— What you are asked to do —
Without the pictures, can you quote each line below exactly?

— Data extract —
== Segment start ==

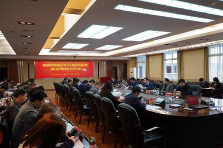 2022年3月9日上午,贵阳学院2022届毕业生就业专项工作会在九思楼八楼会议室顺利召开,校党委书记吕保平,党委副书记、校长邓朝勇,党委副书记焦艳,党委副书记赵福菓,副校长刘刚、李灿出席会议。学校16个专业学院党委书记和院长(或主持工作的副职),相关职能部门负责人,各专业学院毕业班辅导员、就业指导教师参会。会议由刘刚主持。
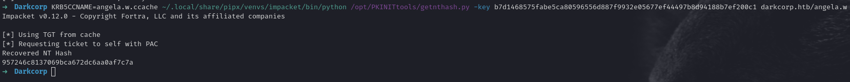 KRB5CCNAME=angela.w.ccache getnthash.py -key <AS-REP-key> darkcorp.htb/angela.w
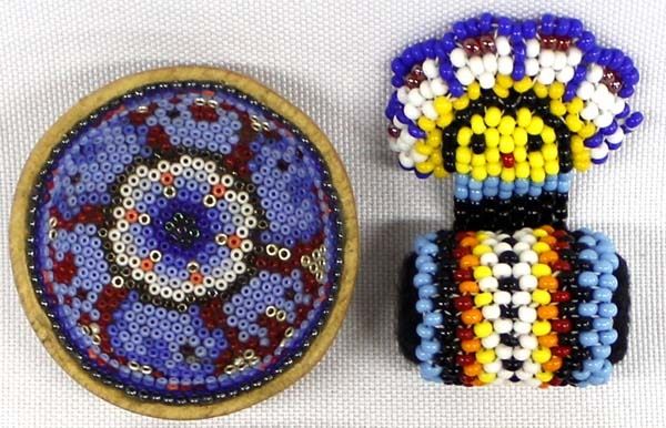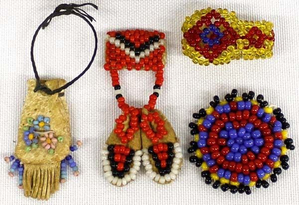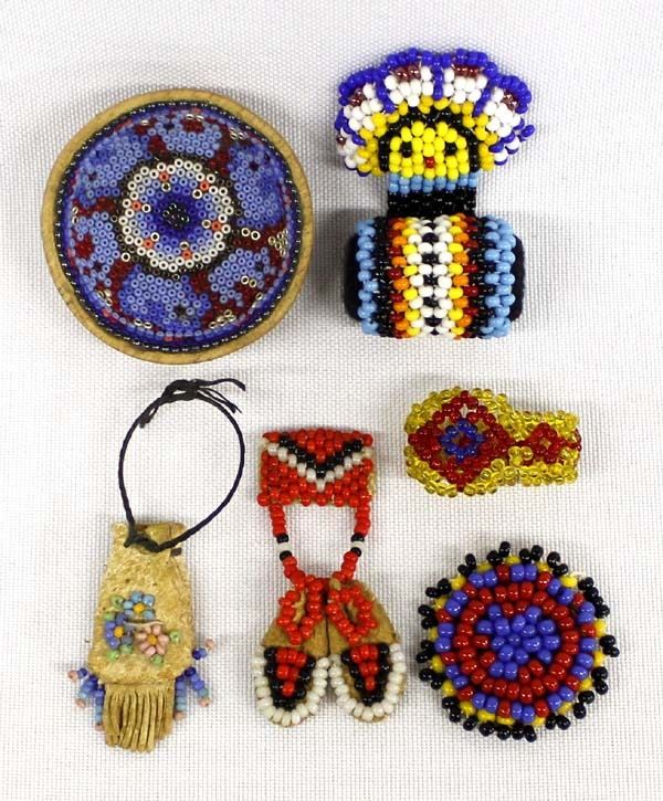 6 Pieces of Native American & Mexican Beaded Miniatures, largest measures 2'' x 1.25'' x .5'', includes 2 pins, ring, moccasins, bag, and a Mexican Huichol Beaded Gourd Bowl
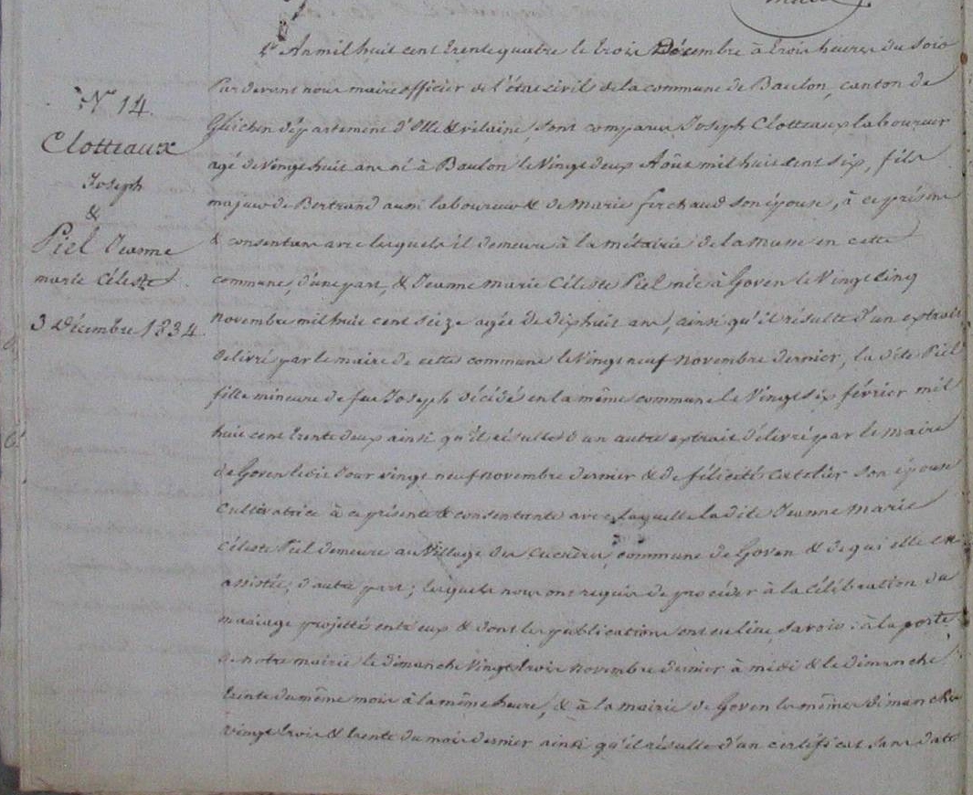 Mariage : 3 décembre 1834 à Baulon 35580

== Segment end ==

— Task output —
 2022年3月9日上午,贵阳学院2022届毕业生就业专项工作会在九思楼八楼会议室顺利召开,校党委书记吕保平,党委副书记、校长邓朝勇,党委副书记焦艳,党委副书记赵福菓,副校长刘刚、李灿出席会议。学校16个专业学院党委书记和院长(或主持工作的副职),相关职能部门负责人,各专业学院毕业班辅导员、就业指导教师参会。会议由刘刚主持。
 KRB5CCNAME=angela.w.ccache getnthash.py -key <AS-REP-key> darkcorp.htb/angela.w
 6 Pieces of Native American & Mexican Beaded Miniatures, largest measures 2'' x 1.25'' x .5'', includes 2 pins, ring, moccasins, bag, and a Mexican Huichol Beaded Gourd Bowl
 Mariage : 3 décembre 1834 à Baulon 35580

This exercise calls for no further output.